Concurrent file sync with Go and MinIO

Synchronizing files from your object storage to your local environment often requires handling many files efficiently. In this DevTip, we demonstrate how to build a simple, concurrent file synchronization tool in Go using MinIO, an open source, S3-compatible cloud storage server.
Set up MinIO server
Before we start coding, let's set up a local MinIO server using Docker. This will give us a development environment to test our implementation:
docker run \
-p 9000:9000 \
-p 9001:9001 \
--name minio \
-v ~/minio/data:/data \
-e "MINIO_ROOT_USER=minioadmin" \
-e "MINIO_ROOT_PASSWORD=minioadmin" \
quay.io/minio/minio server /data --console-address ":9001"

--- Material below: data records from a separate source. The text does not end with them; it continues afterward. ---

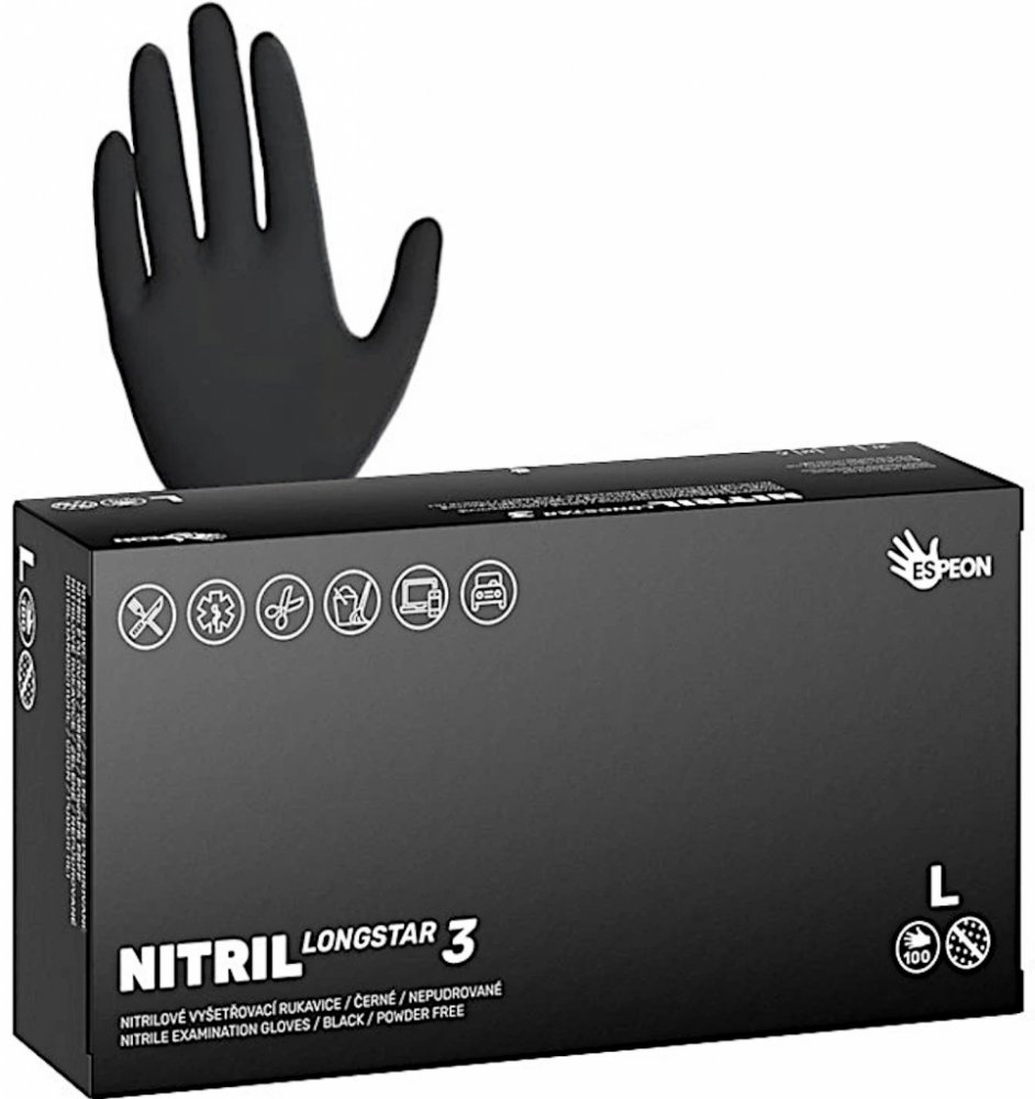 Espeon NITRIL LONGSTAR3 nepudrované černé 100 ks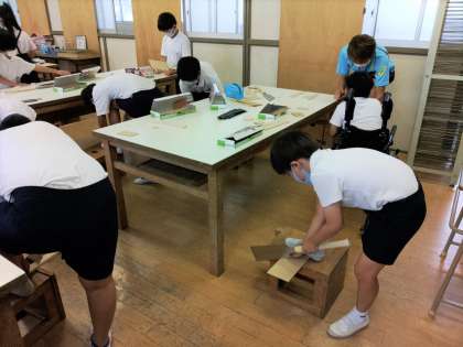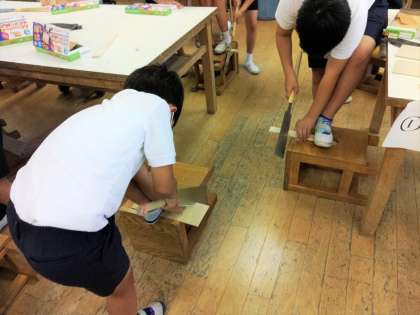 3年生のときは「くぎ打ち名人」でしたが、4年生では「ギコギコトントンクリエーター」に挑戦です。初めてのノコギリに、初めは恐る恐る木を切り始めた子どもたち。何度も切っているうちに、だんだんノコギリを持つ姿勢も様になってきました。授業が終わった後、木の切りくずをほうきで集めてくれている子たちの姿が……。みんなのために、自分ができることを進んでできるのが、素敵ですね。来週も、この続きを作ります。どんな作品が出来上がるか、楽しみにしいてください。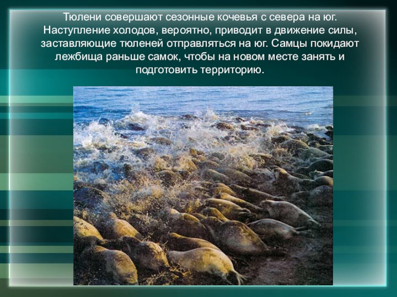 Слайд 17Тюлени совершают сезонные кочевья с севера на юг.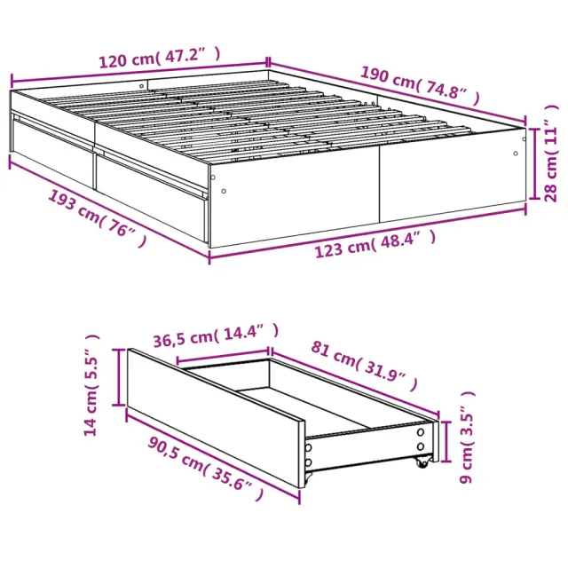 Dodajte svoji spalnici moderen pridih s tem posteljnim okvirjem s predali! Predstavlja praktičen in dekorativen dodatek za vaš bivalni prostor. Vzdržljiv material: Posteljni okvir je izdelan iz inženirskega lesa. Inženirski les se ponaša z izjemno kakovostjo, gladko površino ter močjo, stabilnostjo in odpornostjo na vlago.Trdne letvice: Letvice iz vezanega lesa omogočajo dobro porazdelitev teže in zagotavljajo, da vzmetnica ostane na mestu ob vsakem zasuku in obračanju med spanjem.Funkcija shranjevanja: Priloženi posteljni predali nudijo dovolj prostora za shranjevanje potrebščin, da bo soba čista in urejena. Dobro je vedeti:Vzmetnica ni priložena tej postelji. Ponujamo različno izbiro ležišč. V naši trgovini si lahko ogledate ustrezne vzmetnice.Barva: Dimljeni hrastMaterial posteljnega okvirja: Inženirski lesMaterial letvic: Vezan lesCelotne dimenzije: 193 x 123 x 28 cm (D x Š x V)Velikost primerne vzmetnice: 120 x 190 cm (Š x D) (vzmetnica ni priložena)Dimenzije posteljnega predala (vsak): 90,5 x 36,5 x 14 cm (D x Š x V)Potrebno sestavljanje: DaPaket vsebuje:1 x Posteljni okvir4 x Posteljni predal 3280703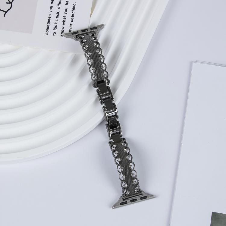 Correa de metal de aleación de diamante con bordes de encaje para Apple Watch de 46 mm, 49 mm, 45 mm y 44 mm (negra)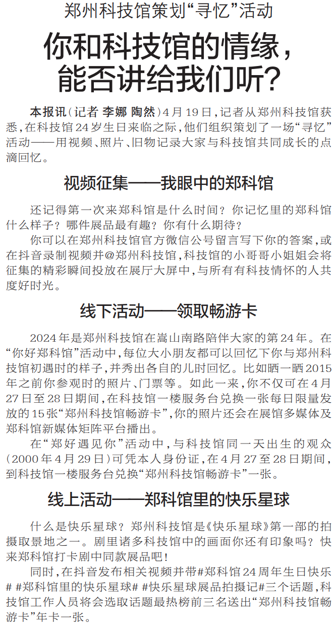 4月19日,记者从郑州科技馆获悉,在科技馆24岁生日来临之际,他们组织策划了一场“寻忆”活动——用视频、照片、旧物记录大家与科技馆共同成长的点滴回忆。(今日《郑州日报》2版)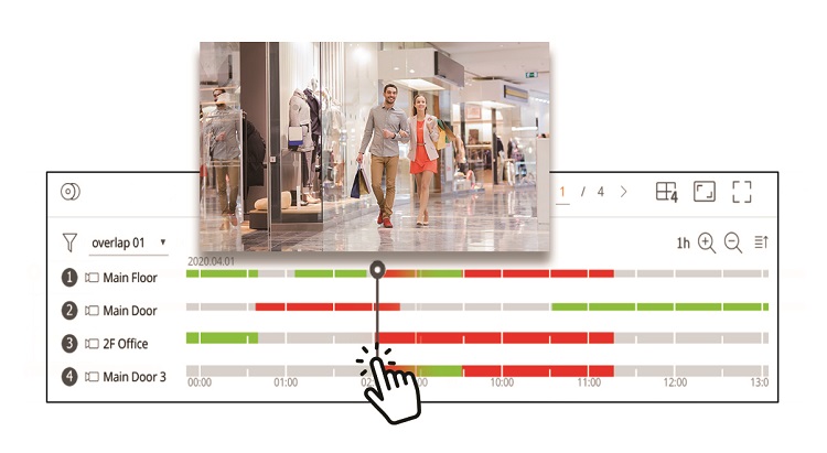 При управлении несколькими каналами XRN-6410DB4 значительно повышает эффективность поиска, позволяя пользователям просматривать изображения и видео, просто наведя курсор мыши на шкалу времени.Более того, пользователи могут настраивать события и тревогу для всех каналов на одной странице.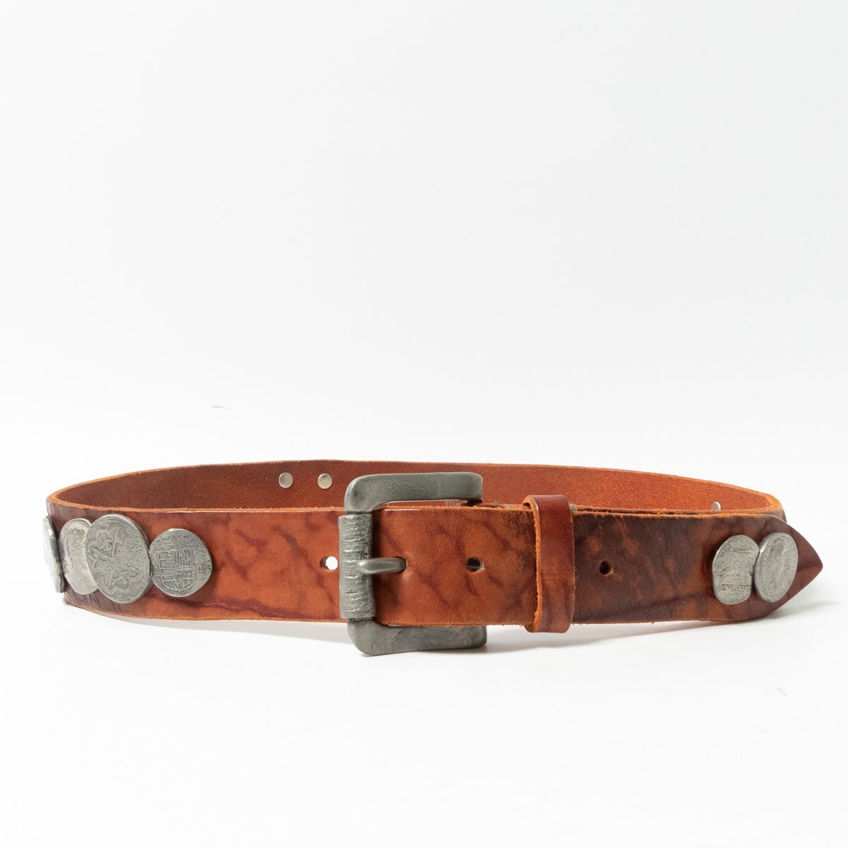 > 【1円スタート】Paul Smith ポール・スミス レザーベルト 革ベルト Lサイズ ブラウン 本革 コインチャームデザイン 5つ穴 4cm幅 メンズ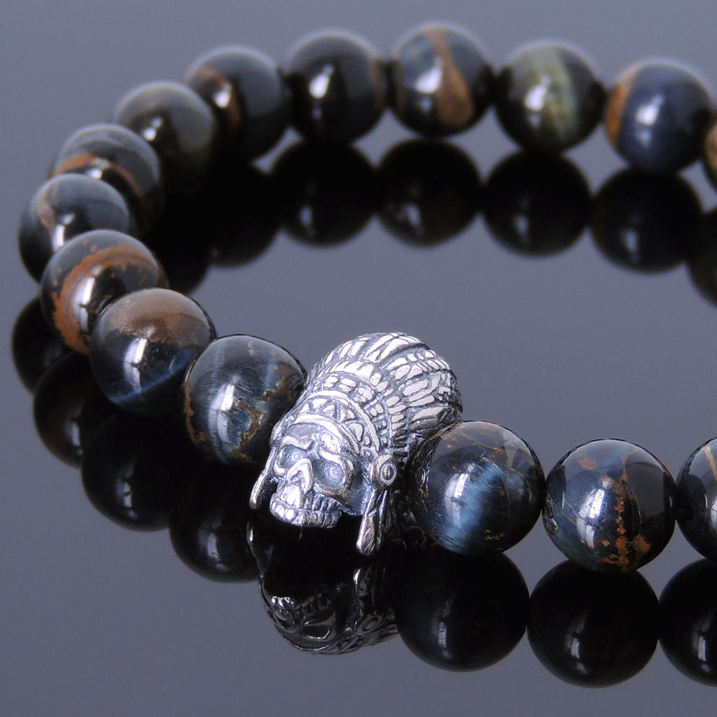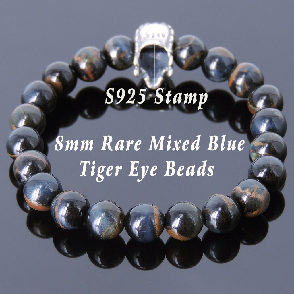 Materials: Gemstone,Mixed Blue Tiger Eye,925 Sterling Silver,Elastic Cords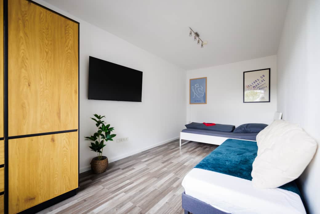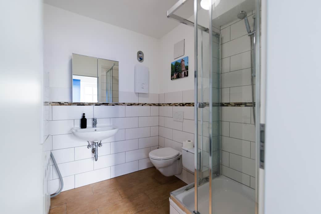 Die Wohnung ist am Fuße vom Petersberg. Sie hat einen separaten Eingang mit 2 Stellplätzen vor der Tür. Mit dem Auto sind es 7 Minuten in die Innenstadt.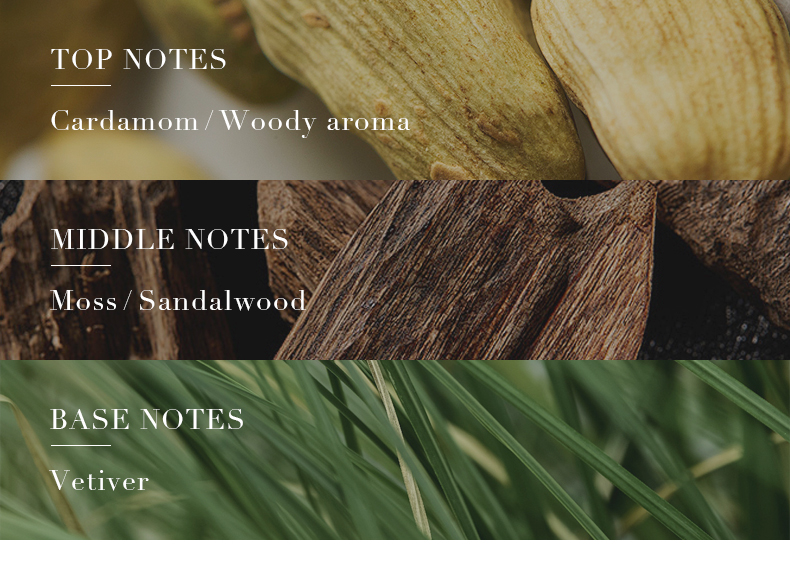 Smell: Cardamom, woody, moss, sandalwood, vetiver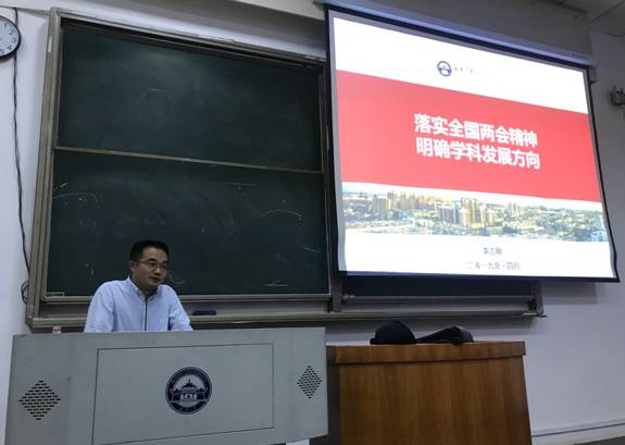 课上,李院长首先对2019年两会中《2018年政府工作报告》进行了基本回顾,对2018年以来的社会经济发展进行了梳理,并总结出一系列与城乡发展相关的内容条款,并以关键词的方式一一讲解了国家发展战略中涉及到我院学科发展和实践的问题,包括生态环境问题、区域协调发展问题、乡村振兴问题、新型城镇化问题、多规合一、“一带一路”等等,课程中既有国计民生的政策解读,也有对学科前沿的研究方向和方法关切。随后,李院长又对“政府工作报告”中2019年的展望,从专业的角度进行了归纳总结,并详细分析了宏观政策取向、宏观调控、优化营销环境、创新引领发展、脱贫攻坚、绿色发展、深化改革、对外开放以及政府职能转变等与学科发展的关系,明确指出作为党员的历史使命和责任担当,作为高校,我们不仅要把在综合性大学办城乡规划专业的优势体现出来,还要从专业实践出发,做人民满意的城乡规划和建筑设计。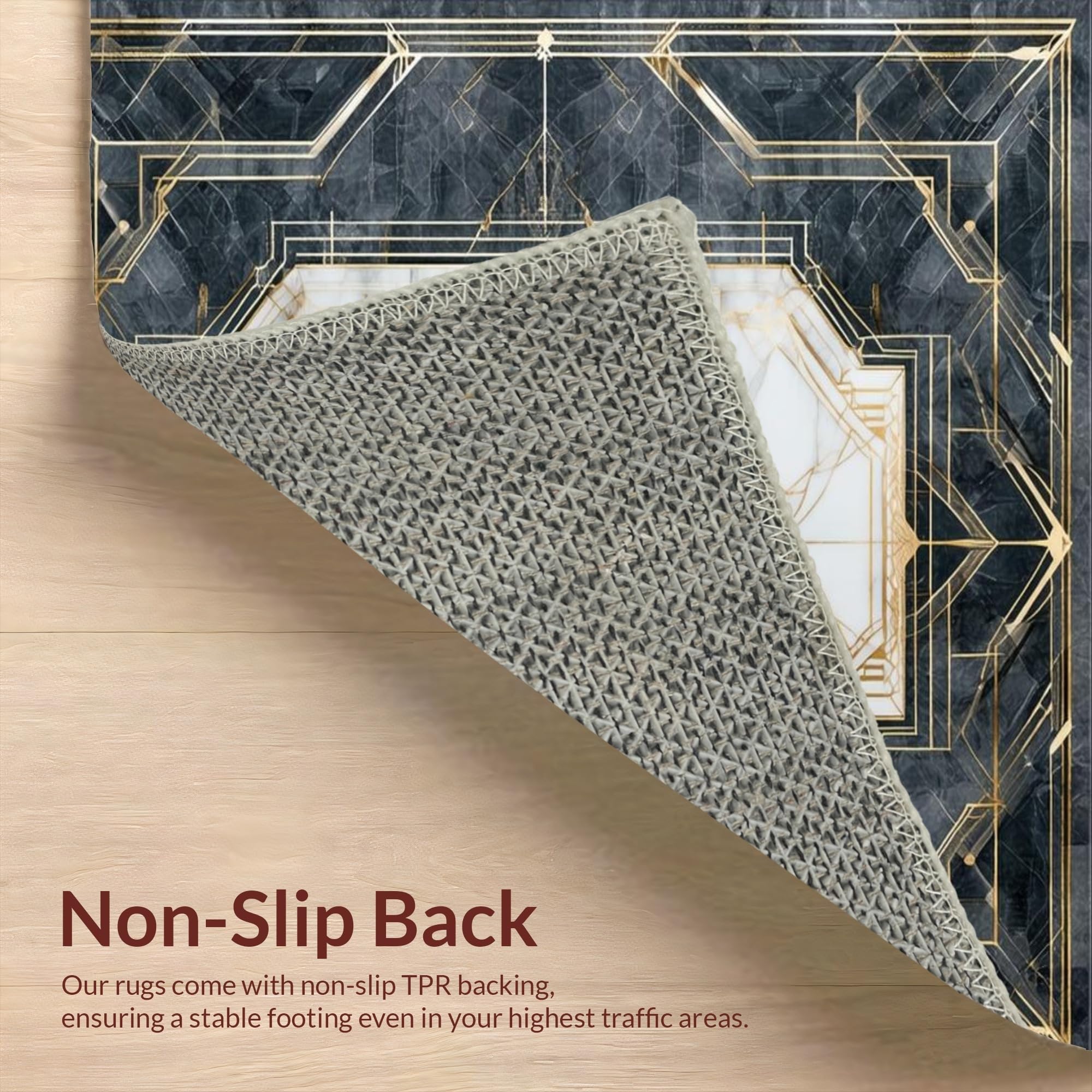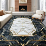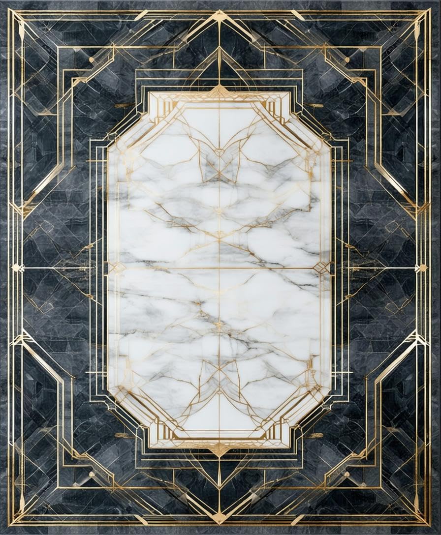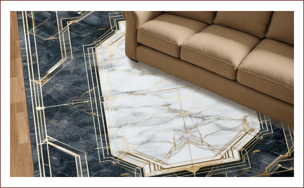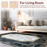 Ultra Soft Area Rug, Non Slip, Stain Resistant, Washable Area Rugs for Living Room, Bedroom, Chic Geometric Gold Accents Style(White) Overview: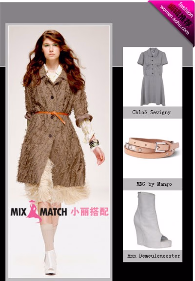 时尚解析:双层衬衫裙叠穿,上身羽毛的设计很飘逸。选择一款细腰带收敛腰身,做出裙摆的感觉,搭配干净的白色及踝靴更衬托出青春靓丽。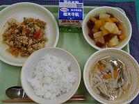 <今日の給食> ご飯・牛乳・にら饅頭・豚肉となすの味噌カレー炒め・春雨スープ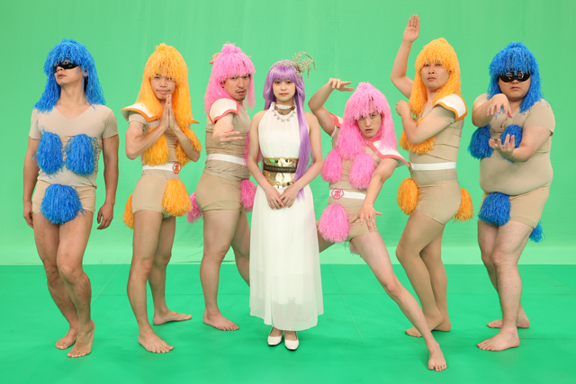 第2弾でも、シンプルな背景と最小限の小道具の中、芸人同士が互いに無茶なリクエストをしたことで、新たなキャラクターが多数誕生しました。そして今回、メンバーが自らキャラクターを考える「オールアウト」コーナーのゲストにガチャピンが登場。ガチャピンが現在レギュラー出演中の『Live Newsイット!』のお天気中継のシチュエーションで、ガチャピンとお天気キャスター役の田崎さくらを相手に、キャラクターメンバーがそれぞれ自ら考えた“変な”を実演しました。事前打ち合わせなしのコント収録では自由な芸人の動きにガチャピンが困惑する場面も。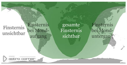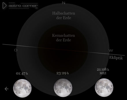Um 23:29 h wird die größte Finsternis erreicht - der Mond wird zu dieser Zeit mit etwa 94,16% seines Durchmessers maximal in den Halbschatten der Erde eingetaucht sein. Er steht dann je nach Beobachtungsort ungefähr 60 Grad über dem SSO-Horizont. Unser kosmischer Begleiter benötigt insgesamt 4 Stunden und 39 Minuten, um den Halbschatten der Erde vollständig zu durchqueren.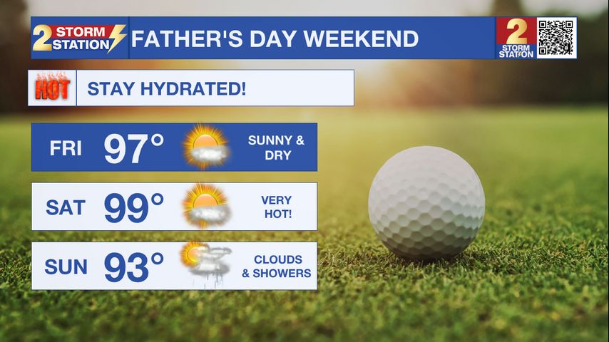 Father's Day weekend will start off with near record heat and end with an increased chance for showers and storms.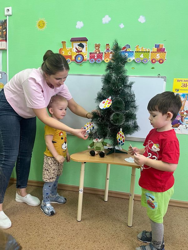 К ребятам из группы "Одуванчики" в гости пришел зайчик и попросил помочь украсить ёлочные шары. Вместе с педагогом-психологом дети закрепили умение отщипывать и раскатывать между ладонями пластилин.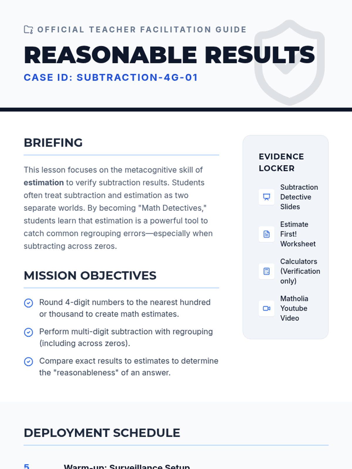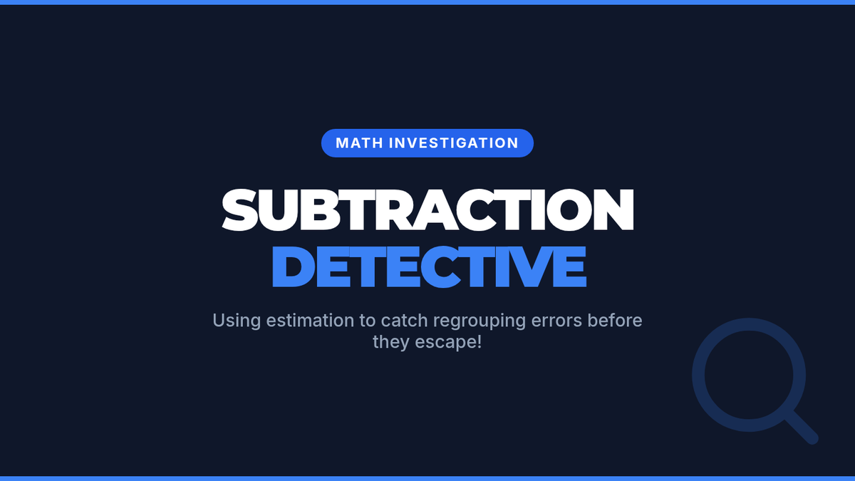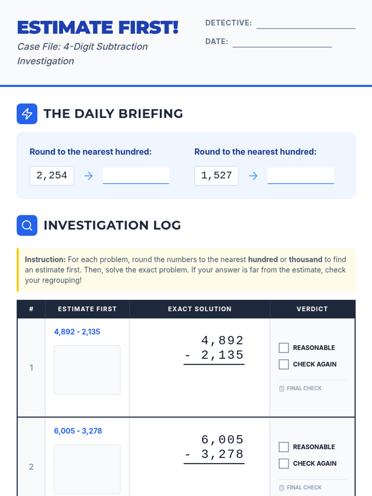 Students investigate subtraction problems by using rounding and estimation to catch regrouping errors, focusing on 4-digit numbers and subtracting across zeros.

This command starts a MinIO server with the default credentials. You can access the web console at
http://localhost:9001
to manage your buckets and files.
Initialize the project
Create a new Go project and install the MinIO SDK (requires Go 1.21 or later):
go mod init minio-sync
go get github.com/minio/minio-go/v7@v7.0.87
Set up the MinIO client
Create a secure connection to your MinIO instance with proper error handling and TLS configuration:
package main
import (
"context"
"crypto/tls"
"log"
"time"
"github.com/minio/minio-go/v7"
"github.com/minio/minio-go/v7/pkg/credentials"
)
func createMinioClient(ctx context.Context) (*minio.Client, error) {
endpoint := "localhost:9000"
accessKeyID := "minioadmin" // Use environment variables in production
secretAccessKey := "minioadmin" // Use environment variables in production
useSSL := false
// Configure TLS for production use
transport := &http.Transport{
TLSClientConfig: &tls.Config{MinVersion: tls.VersionTLS12},
IdleConnTimeout: 90 * time.Second,
}
// Initialize minio client
opts := &minio.Options{
Creds: credentials.NewStaticV4(accessKeyID, secretAccessKey, ""),
Secure: useSSL,
Transport: transport,
}
client, err := minio.New(endpoint, opts)
if err != nil {
return nil, err
}
// Verify connection
_, err = client.BucketExists(ctx, "test-bucket")
if err != nil {
return nil, err
}
return client, nil
}
Implement concurrent file downloads
Here's an improved implementation with proper error handling, context management, and cleanup:
package main
import (
"context"
"fmt"
"io"
"os"
"path/filepath"
"sync"
"time"
"github.com/minio/minio-go/v7"
)
type DownloadResult struct {
ObjectName string
Error error
}
func downloadFiles(ctx context.Context, client *minio.Client, bucketName string, outputDir string) error {
// Ensure output directory exists
if err := os.MkdirAll(outputDir, 0755); err != nil {
return fmt.Errorf("failed to create output directory: %w", err)
}
// Create buffered channels for work distribution
jobs := make(chan string, 100)
results := make(chan DownloadResult, 100)
// Create worker pool
var wg sync.WaitGroup
workerCount := 5
// Start workers
for i := 0; i < workerCount; i++ {
wg.Add(1)
go func() {
defer wg.Done()
for objectName := range jobs {
err := downloadObject(ctx, client, bucketName, objectName, outputDir)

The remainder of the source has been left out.